- Exelon wants 20-year license extension for Peach Bottom site
- Dominion said it will file similar request for Virginia plant
Exelon Corp. said it will seek to extend the operating life of a nuclear power plant in Pennsylvania by another 20 years, joining Dominion Resources Inc. in requesting permission to run atomic generators for as long as 80 years.
Exelon will ask federal regulators for approval to renew the licenses of the two reactors at its Peach Bottom facility, the Chicago-based power generator said Tuesday in a statement. An extension would help the state meet its carbon-reduction goals under the Obama administration’s Clean Power Plan, Chief Executive Officer Chris Crane said.
Should the commission approve Exelon’s request, the Peach Bottom nuclear station would be among the first U.S. reactors allowed to run beyond 60 years.
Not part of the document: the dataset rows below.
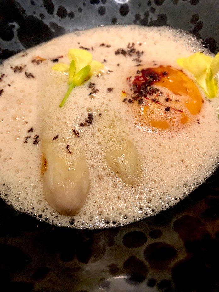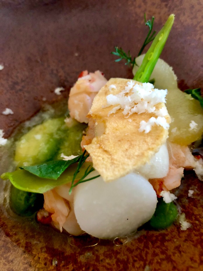 Los guisantes nuevos, jugo de cebolla tostada y Angélica estaban muy buenos porque los guisantes eran excepcionales y se bañaban en un intenso jugo de cebolla, pero eran demasiado simples comparados con el resto de los platos. Quizá un descanso de lo ya paladeado y una preparación para lo que venía, una inmersión profunda en la alta cocina hispano francesa.
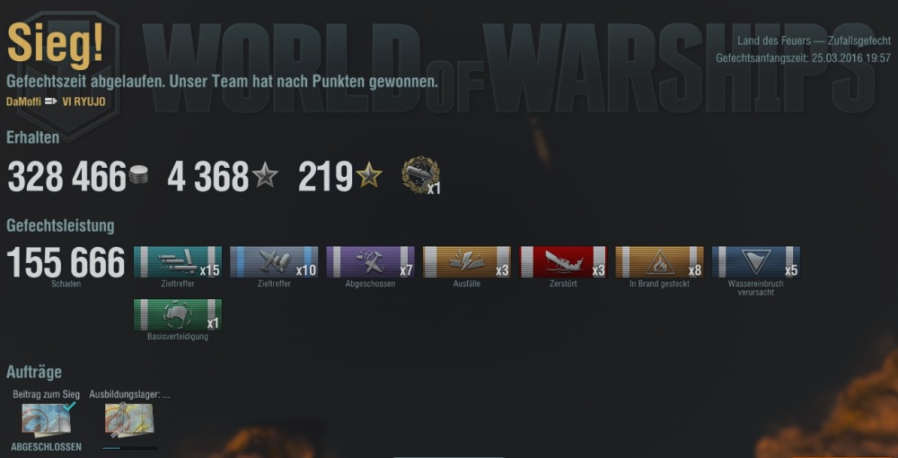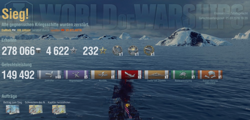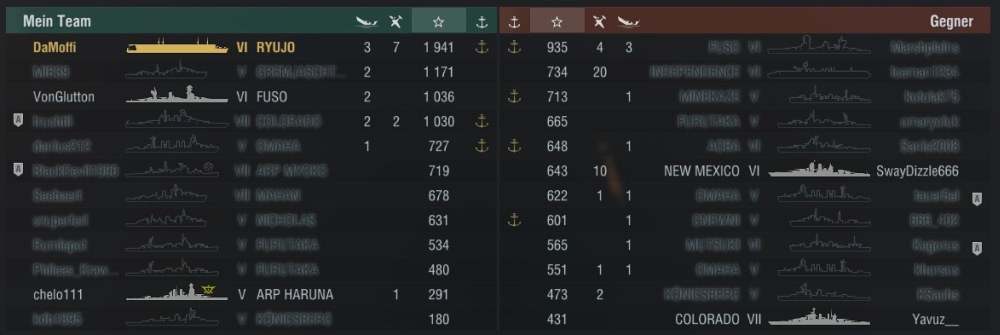 Naja. Hab ich mich halt nur mit meinen ARP-Kongos amüsiert. Damit waren ein paar ganz nette Runden möglich, gegen die ganzen T4/5-Russenkreuzer.
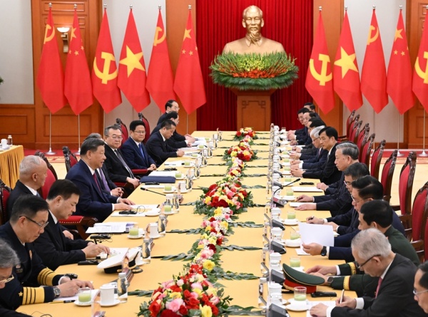 4月14日下午,中共中央總書記、國家主席習近平在越共中央駐地同越共中央總書記蘇林舉行會談。(新華社記者 謝環馳 攝)
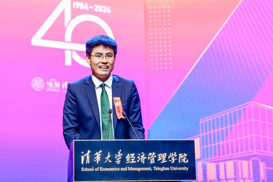 播放40周年院庆专题片《登攀》后,白重恩向出席大会的嘉宾、师生,以及心系学院发展、支持学院建设的海内外校友、同仁、社会各界朋友致以感谢。他以“致敬、传承、创新、展望”四个关键词回顾了学院历史,并向老院长朱镕基致敬,感谢他为学院发展倾注的巨大心血和提供的方向性引领,感谢他对学院价值体系的重大贡献,向学院其他前辈先贤和教职员工致敬。他表示,未来学院将坚守初心使命、勇于开拓创新,努力建设成为理论与实践之间的桥梁、不同学科之间的桥梁、科技与商业之间的桥梁以及连接中国与世界的桥梁,并以此作为重要切入点,在更高水平上实现学院的使命。
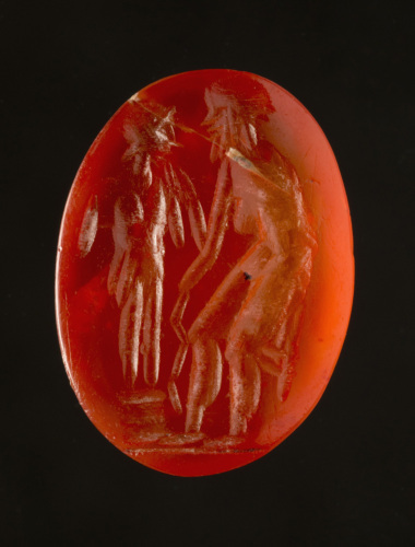 - NOTIZIE STORICO CRITICHE Un confronto pertinente di età antica (corniola di Vienna del I sec. a.C.) potrebbe far riconoscere nel personaggio barbato Prometeo o uno scultore. Per quanto riguarda la datazione, sembra plausibile ipotizzare un inquadramento dell'intaglio nella produzione glittica post-antico, soprattutto a causa dello stile e di alcune "irregolarità" iconografiche.

Dominion said last year that it would seek approval to keep the Surry nuclear power plant in Virginia online until it’s 80 years old.
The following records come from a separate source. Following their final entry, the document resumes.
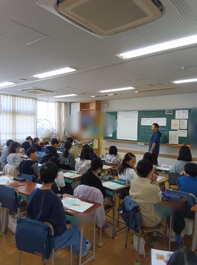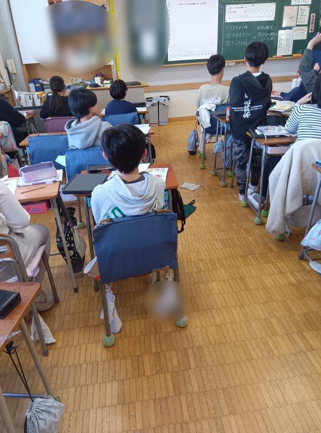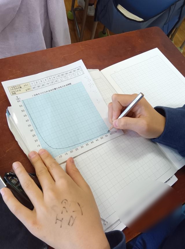 反比例のグラフって美しいと思いませんか。xの値が倍になると、yの値が1/2になるので、比例と違って直線のグラフにはならず、きれいな曲線を描きます。全体の量が少なくなると1/2になる数字も小さくなるので、変化の度合いも小さくなり、最後は少しずつ小さくなって、斜めの直線で数値を下げていきます。子どもたちも美しく描けたグラフを自慢するように見せてくれました。
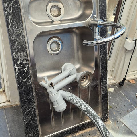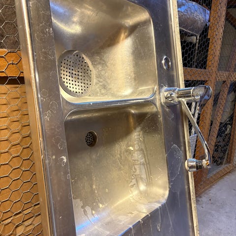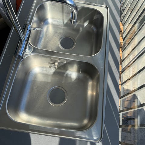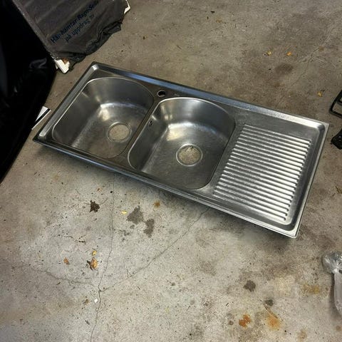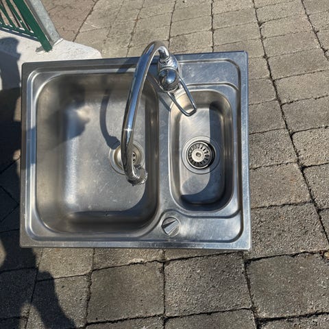 Diskho i rostfritt stål med dubbel ho och avrinningsdel. Mått diskho: 54x54 cm, fabrikat Intra.
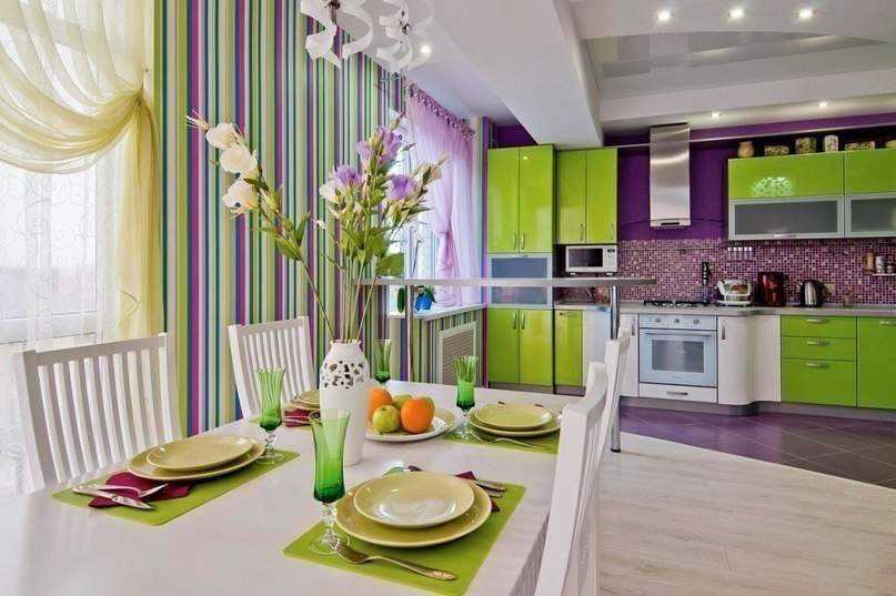 Особое место в оформлении интерьера занимает фиолетовый и все его оттенки, которые создают удачные комбинации только между собой, с белым, голубым и некоторыми тонами зеленого и коричневого. Составляя композицию для сиреневой кухни, необходимо помнить, что при неудачном подборе мебели, облицовки мойки и фартука, осветительных приборов может получиться раздражающая гамма, что плохо отразится на качестве еды и самочувствии.

The requests come at a pivotal time for the U.S. nuclear power industry as some operators including Exelon have announced plans to retire plants early because of financial losses. Competition from generators using cheap natural gas and renewable resources such as solar and wind have squeezed the profits of reactor owners, particularly those who sell their supply into wholesale power markets.
Exelon had issued a statement on Monday saying that Crane would join officials including Pennsylvania Public Utility Commission Chair Gladys Brown at the Peach Bottom station for an announcement on Tuesday “concerning the Station’s license renewal program.”
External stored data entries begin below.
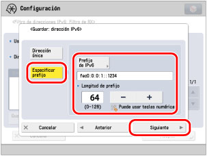Pulse [Especificar prefijo] → introduzca 'fec0:0:0:1::1234' en [Prefijo de IPv6] → '64' en [Longitud de prefijo] → pulse [Siguiente].
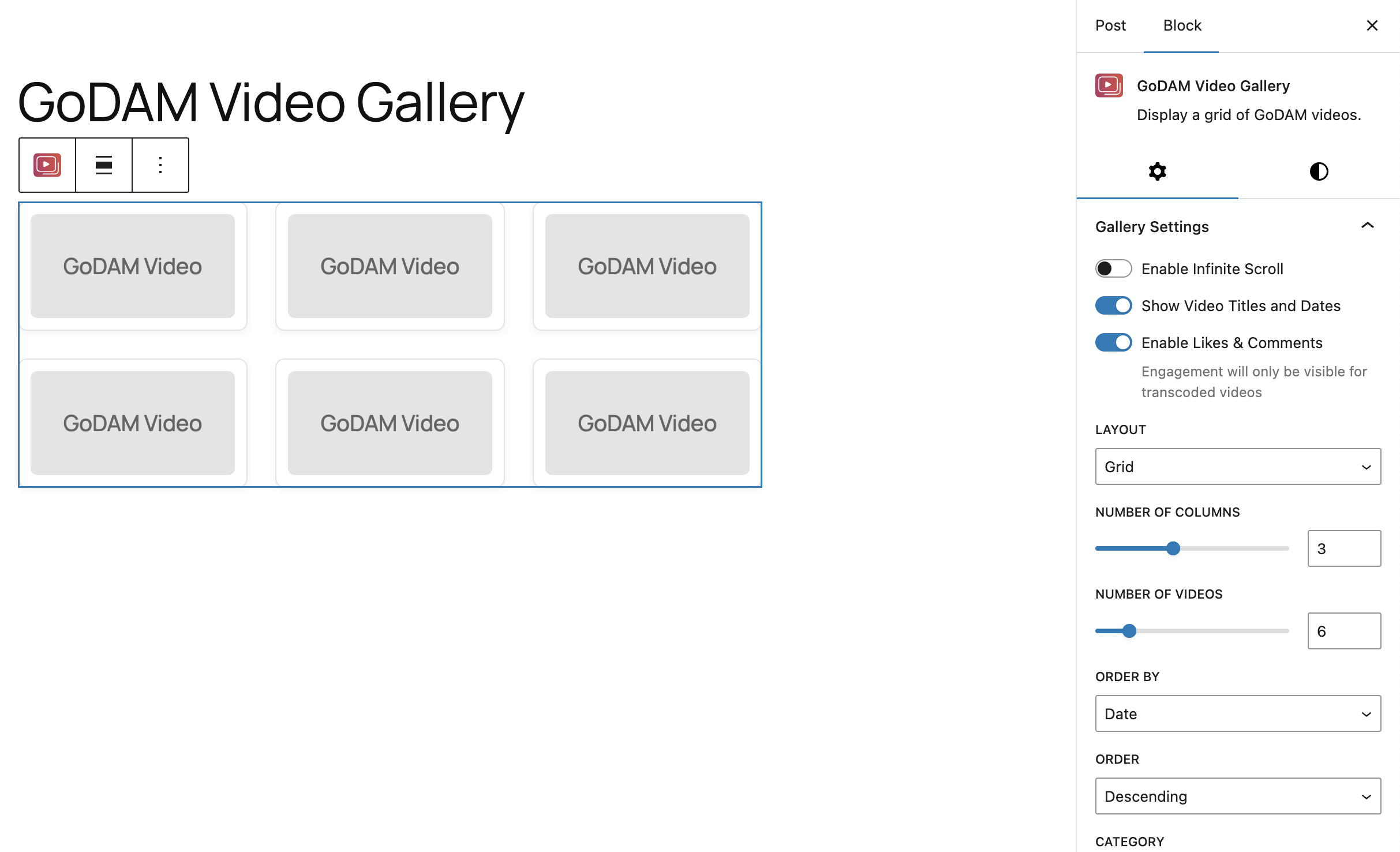 As you adjust settings, the block preview updates immediately with the skeleton of the output, showing placeholder videos that reflect your chosen layout and column settings.
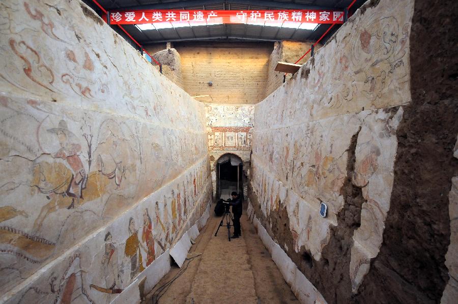 开掘后的忻州北朝墓葬2013年尾设公众开放日,记者得一睹幽深墓道之壁画,其奢华煊赫炫目摄心—— 经过5个月的发掘,忻州九原岗北朝晚期壁画墓揭开神秘面纱。2013年12月25日,省考古研究所组织省内外数十家媒体,进行了墓葬考古发掘现场公众开放日活动。记者随行到现场采访,1500多年前北朝贵族的狩猎场景在幽深的墓道两壁上呈现,其奢华煊赫的生活于历史深处探出一角。特别是墓道北壁上的一座木结构门楼,是第一次用绘画形式展现了古晋阳时期北朝建筑的风采。 A 墓葬主人无从确定墓葬年代初步推断 九原岗北朝壁画墓位于忻州市忻府区兰村乡下社村东北,是忻州市市级文物保护单位九原岗墓群中被盗较为严重的一座。山西大学考古学硕士研究生景耀忠在野外调查时发现了这座被盗墓葬,因墓内有壁画,价值重大,随即报告给本校考古系教授郎保利,并与省考古研究所取得联系。2013年3月,省考古研究所组织专家组赴现场勘查。6月下旬,经国家文物局批准,由省考古研究所与忻州市文物管理处联合组成考古队对其进行抢救性发掘。经过5个月的考古发掘工作,共清理壁画约200余平方米,出土大量陶俑残片及少量的陶器、瓷器残片、数十件铁质棺钉。最重要的是在墓葬清理过程中,对壁画进行了初步的加固与现场保护。 省博物院学术委员会主任、研究员渠传福是这次考古发掘的执行领队。他指着满目凄凉的古墓说,墓葬因多次被盗,记载墓主生平事迹的墓志也已被盗,而出土的人体骨骼数量也较少,且保存状况较差,暂时还不能判断墓主的性别和年龄。据当地村民介绍,墓志在十几年前被盗卖,志文中有“秀荣大将军”几个字,结合墓葬规模推测,墓主应该位高权重,是北朝时期高氏集团的核心人物。从壁画中人物形象和表现手法来看,该墓与太原北齐徐显秀墓、娄睿墓有许多相似之处,初步推断其年代为北朝晚期。 2013年12月24日,国内12位著名的考古学者来晋对忻州九原岗墓葬进行现场考察后,对壁画墓的学术价值给予高度评价。留在现场为媒体做讲解的国家博物馆原田野考古部主任、研究员信立祥说,该墓葬是北朝晚期某个高官权贵的墓,从规模和形制判断,等级和河北磁县湾漳大墓相当,而那座墓的主人,据推测是北齐文宣帝高洋。所以该墓葬的主人无疑也是北朝很高等级的权贵,是北朝高氏集团的核心人物。该墓葬的发掘对研究北朝晚期社会生活、绘画艺术以及我国古代建筑史具有非常重要的意义。同时说明,至少在北朝晚期忻州就是一个胡汉相融、文化多样、各民族和谐共处的重要地区,凸显了历史进程中的重要位置。 B 《狩猎图》为研究北朝社会生活提供佐证 记者在现场看到,九原岗北朝墓位置在下社村的一片玉米地中,这也是墓葬屡次被盗的原因之一。墓为长方形斜坡墓道砖砌单室墓,由墓道、甬道、墓室三部分组成,南北总长约40米,墓室上方有封土堆。墓道长30.5米,底部最深处6.55米。墓道两壁呈阶梯状,由上至下分为四层,每层均绘有壁画。墓道东壁中部有一竖直的长方形盗洞,盗洞挖至墓道底部,东壁第四层壁画几乎全部被毁。甬道位于墓道与墓室之间,平面呈长方形。甬道南端原砌有石门,现仅残存石质门楣,据当地村民介绍,石门及墓志于10年前被盗走。甬道两壁及顶部均绘有壁画,可惜破坏严重,现仅残存顶部小面积壁画。墓室边长5.4米、高约8米,穹窿顶。四壁墙体原均有壁画,现已被大面积盗揭,仅顶部保留有星象图。墓室西北角有一盗洞,墓室内部被盗扰非常严重,地面零乱堆积有残砖、棺木以及盗墓者遗留的毛毯、矿泉水瓶等日常用品。 历代都有《狩猎图》,但九原岗北朝墓中的《狩猎图》则是我国现存墓葬壁画中最长的一幅。游走在墓道中间,仔细观望,在30.5米的墓道东、西两壁上绘制的壁画自上而下各分为四层。第一层高1.5米,主要绘有畏兽、仙人、飞鸟、神兽等形象,四周以流云、忍冬补白,其中有两个神兽分别是《山海经》中记载的“駁”,一种食虎豹的马和“疆良”,一种食蛇的怪兽。东、西两壁第二层壁画内容均为狩猎图,所绘人物、动物形象生动,山水、树木造型粗犷,狩猎内容非常丰富。在西壁第二层壁画南部还出现有两个中亚人的形象。第三层为出行仪仗,所绘的19位武士均为站立形象,身上佩戴弓箭和大刀。西壁南端绘有一骑马的少年,其前方为一只猎狗和一只雄鹰正在捕杀兔子,少年右臂前伸似在指挥捕杀活动。东壁第四层因开挖盗洞已全部被毁,西壁第四层亦为站立的武士形象。在墓道北壁,绘有一座规模宏大的木结构建筑,庑殿顶,建筑中的一砖一瓦以及建筑门楼内的6位人物,其形象都描绘得非常生动逼真,特别是双柱式的斗拱在以往的资料中未曾见过。屋顶正上方绘一火盆,左右两侧各绘一兽首鸟身的怪兽形象。 面对这组壁画,中国社会科学院研究生院考古系教授杨泓说,九原岗墓道壁画对魏晋南北朝这一阶段考古学来讲,是非常重要的考古发现。从狩猎壁画内容及规模来看,该墓无论是对地下世界的想象还是对现实生活的描绘都比同时期其他墓的壁画内容更加丰富,手法更加逼真精细,这些壁画的发现,为研究北朝社会生活提供了佐证,对兵器马具、绘画艺术的研究都具有重要意义。特别是墓道北壁壁画中的木结构建筑在同时期墓葬中是首次发现,是第一次用绘画的形式展现了古晋阳时期北朝建筑的风采。总

The two operating reactors at the Peach Bottom plant are licensed to operate through 2033 and 2034, according to Nuclear Regulatory Commission data. Exelon will seek federal permission for licenses that extend to 2053 and 2054, the company said. Exelon’s reactors received their original operating licenses in 1973 and 1974, according to the commission.
The Peach Bottom nuclear power plant, about 50 miles (80 kilometers) southeast of Harrisburg, Pennsylvania, serves 2 million customers, Exelon’s website shows.